-- WORK ITEM --
Look below for the line containing "可看出添加b 29 if i==5时, 在i==5时就停了下来,按c继续执行完后面。" and the line containing "Défilé de la", then set down both and every line between them exactly, without pictures.

-- DATA PROVIDED --
========================================

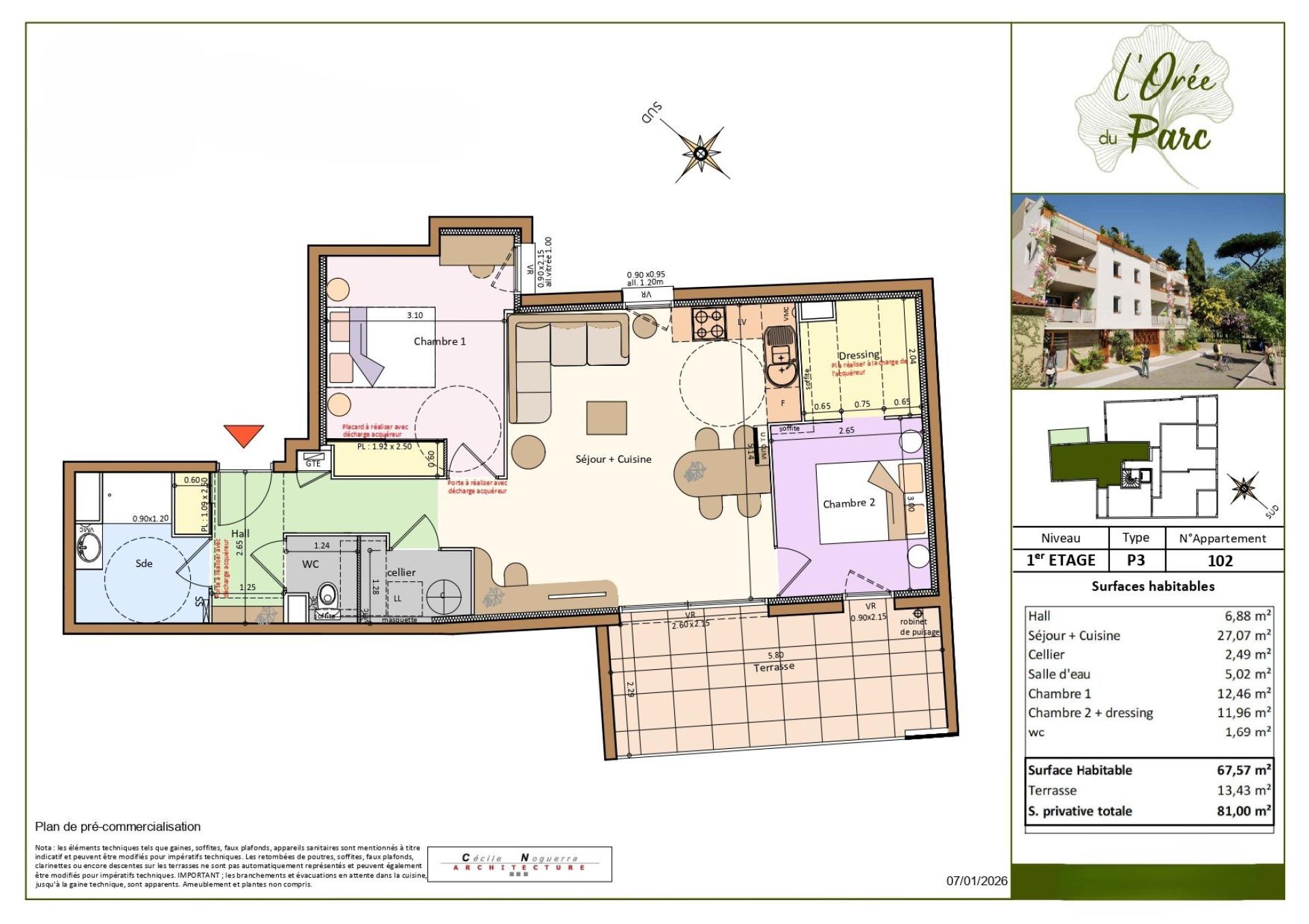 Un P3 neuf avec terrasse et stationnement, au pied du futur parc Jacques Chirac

========================================

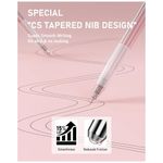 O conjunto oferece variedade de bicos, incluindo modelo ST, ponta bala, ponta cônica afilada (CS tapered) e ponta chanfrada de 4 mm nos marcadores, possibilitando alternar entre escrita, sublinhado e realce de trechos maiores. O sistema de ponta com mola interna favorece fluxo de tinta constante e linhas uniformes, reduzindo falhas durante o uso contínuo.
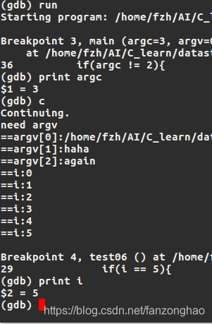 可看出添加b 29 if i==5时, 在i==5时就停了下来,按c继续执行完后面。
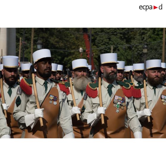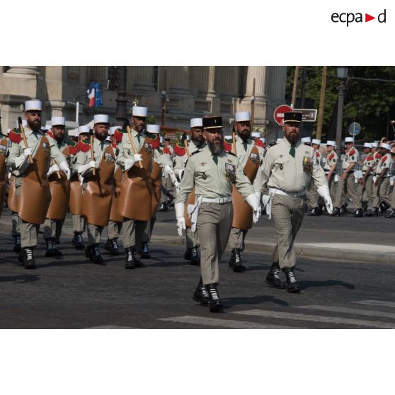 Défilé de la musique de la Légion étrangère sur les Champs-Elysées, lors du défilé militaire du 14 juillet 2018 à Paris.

========================================

-- THE COMPLETED TASK --
 可看出添加b 29 if i==5时, 在i==5时就停了下来,按c继续执行完后面。
 Défilé de la musique de la Légion étrangère sur les Champs-Elysées, lors du défilé militaire du 14 juillet 2018 à Paris.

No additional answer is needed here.